Born in Singapore.
Lives and works in Sydney, Australia.
Ben Ali Ong is an artist working predominantly across photography, video and mixed media. Choosing to work solely in black and white, his brooding photographs are defined by their use of dream-like imagery. Often blurry, grainy and scratched – Ong’s pictorial choices appear to be made completely at random, creating a disjointed and surreal narrative.
Preferring the artworks to speak for themselves, Ong presents them in a manner that allows the viewer to construct their own meanings and interpretations, in order to achieve a state of self-reflection.
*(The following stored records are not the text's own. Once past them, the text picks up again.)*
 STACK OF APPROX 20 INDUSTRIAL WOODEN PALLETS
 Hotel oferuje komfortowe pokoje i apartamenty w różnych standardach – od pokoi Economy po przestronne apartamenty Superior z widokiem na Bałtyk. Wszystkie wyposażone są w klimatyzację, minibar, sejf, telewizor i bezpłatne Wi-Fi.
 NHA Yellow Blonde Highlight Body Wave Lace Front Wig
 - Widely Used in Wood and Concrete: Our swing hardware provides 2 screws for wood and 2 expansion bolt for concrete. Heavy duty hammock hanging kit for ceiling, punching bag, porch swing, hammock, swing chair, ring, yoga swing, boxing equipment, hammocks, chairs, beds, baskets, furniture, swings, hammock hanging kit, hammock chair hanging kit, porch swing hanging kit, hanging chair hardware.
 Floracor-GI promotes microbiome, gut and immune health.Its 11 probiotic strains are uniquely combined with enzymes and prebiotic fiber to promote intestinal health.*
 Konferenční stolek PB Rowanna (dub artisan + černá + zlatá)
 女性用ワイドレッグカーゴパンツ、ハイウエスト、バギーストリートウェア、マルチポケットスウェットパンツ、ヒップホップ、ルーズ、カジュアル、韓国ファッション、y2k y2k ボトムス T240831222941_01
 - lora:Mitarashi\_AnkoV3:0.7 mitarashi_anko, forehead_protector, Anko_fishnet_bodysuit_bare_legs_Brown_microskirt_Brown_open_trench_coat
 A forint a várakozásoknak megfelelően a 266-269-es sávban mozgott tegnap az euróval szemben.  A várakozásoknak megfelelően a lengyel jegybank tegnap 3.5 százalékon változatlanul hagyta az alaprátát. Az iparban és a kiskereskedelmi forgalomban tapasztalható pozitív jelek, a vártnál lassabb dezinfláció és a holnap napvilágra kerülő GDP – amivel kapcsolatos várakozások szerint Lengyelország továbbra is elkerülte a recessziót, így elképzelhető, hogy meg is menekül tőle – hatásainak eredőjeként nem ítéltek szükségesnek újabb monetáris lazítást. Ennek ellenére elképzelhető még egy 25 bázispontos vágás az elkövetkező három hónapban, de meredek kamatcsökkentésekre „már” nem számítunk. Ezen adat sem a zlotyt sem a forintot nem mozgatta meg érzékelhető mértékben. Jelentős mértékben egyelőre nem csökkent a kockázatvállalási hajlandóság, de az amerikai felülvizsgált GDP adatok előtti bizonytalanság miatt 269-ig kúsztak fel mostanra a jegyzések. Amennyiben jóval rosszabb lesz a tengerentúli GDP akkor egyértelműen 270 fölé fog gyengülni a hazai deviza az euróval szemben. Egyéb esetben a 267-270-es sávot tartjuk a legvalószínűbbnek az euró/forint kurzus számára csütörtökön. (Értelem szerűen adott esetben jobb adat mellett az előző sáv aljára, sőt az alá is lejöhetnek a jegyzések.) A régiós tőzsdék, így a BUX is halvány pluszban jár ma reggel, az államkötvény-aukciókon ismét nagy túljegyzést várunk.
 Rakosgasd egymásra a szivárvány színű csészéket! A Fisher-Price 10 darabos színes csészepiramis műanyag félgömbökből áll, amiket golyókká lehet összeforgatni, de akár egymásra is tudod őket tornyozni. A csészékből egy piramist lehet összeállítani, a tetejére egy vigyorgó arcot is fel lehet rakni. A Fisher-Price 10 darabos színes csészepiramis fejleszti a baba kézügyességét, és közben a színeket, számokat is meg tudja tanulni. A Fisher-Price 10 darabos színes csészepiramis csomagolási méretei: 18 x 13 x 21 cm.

This idea is concurrent throughout all of Ong’s works and is inspired by Surrealist film and writing. The notion of the artwork being an open-ended fragment with multiple arrangements as well as the potential to convey a subconscious, or spiritual source.
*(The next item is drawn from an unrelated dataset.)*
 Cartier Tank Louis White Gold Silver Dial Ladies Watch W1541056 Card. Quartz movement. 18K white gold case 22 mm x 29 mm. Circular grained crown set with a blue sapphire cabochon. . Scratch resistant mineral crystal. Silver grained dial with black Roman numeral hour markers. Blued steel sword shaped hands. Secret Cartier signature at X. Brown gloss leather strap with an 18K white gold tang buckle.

The inherent allure of Ben Ali Ong’s photographs stems from the psychological pull which draws the viewer into each work. Ong’s work has an underlying sense of anguish and sorrow (perhaps even horror) which clings to these black and white photographs. The shadowy, brooding drama and chiaroscuro of the artist’s work captures the delicate interplay between lightness and darkness in a way which acts as a visual metaphor for the vagaries of human existence; alluding to the idea that the beauty and fragility of life are inseparable from the horror and sorrow which accompany it. The resulting emotional pull resonates with and touches some deep inner core which resides within all humanity, transporting us away from our everyday existence. In this way, Ong’s photographs, which are at once both beautiful and frightening, achieve a timeless, unknown, almost half forgotten quality or existence which touches upon ideas of life, death and morality.
In his most recent series of works, Ong has abandoned the camera for a series of six large unframed monochrome works. The camera-less prints, among them, All the loveless land and Whatever poetic heritage I have is hers, responding and instinctively tracing the marks and musings from his own inner narrative and personal cosmos. The painterly and spontaneous calligraphic mark-making of gestural abstraction and sgraffito scribbles and scratchings that the artist incises directly onto a blank negative devolve from writing and are exploited for his series of large-scale expressive abstract prints that that run counter to the accepted tenets of realist imagery and precise technical approaches of photographic practice.
Ben Ali Ong has been exhibiting in solo and group exhibitions for over a decade and has been a finalist in many prestigious photographic awards including The Josephine Ulrick and Win Schubert Photography Award, The Redlands Art Prize, The Olive Cotton Photographic Prize, The Moran Photographic Prize and the Blake Prize. His work is held in numerous corporate and private collections.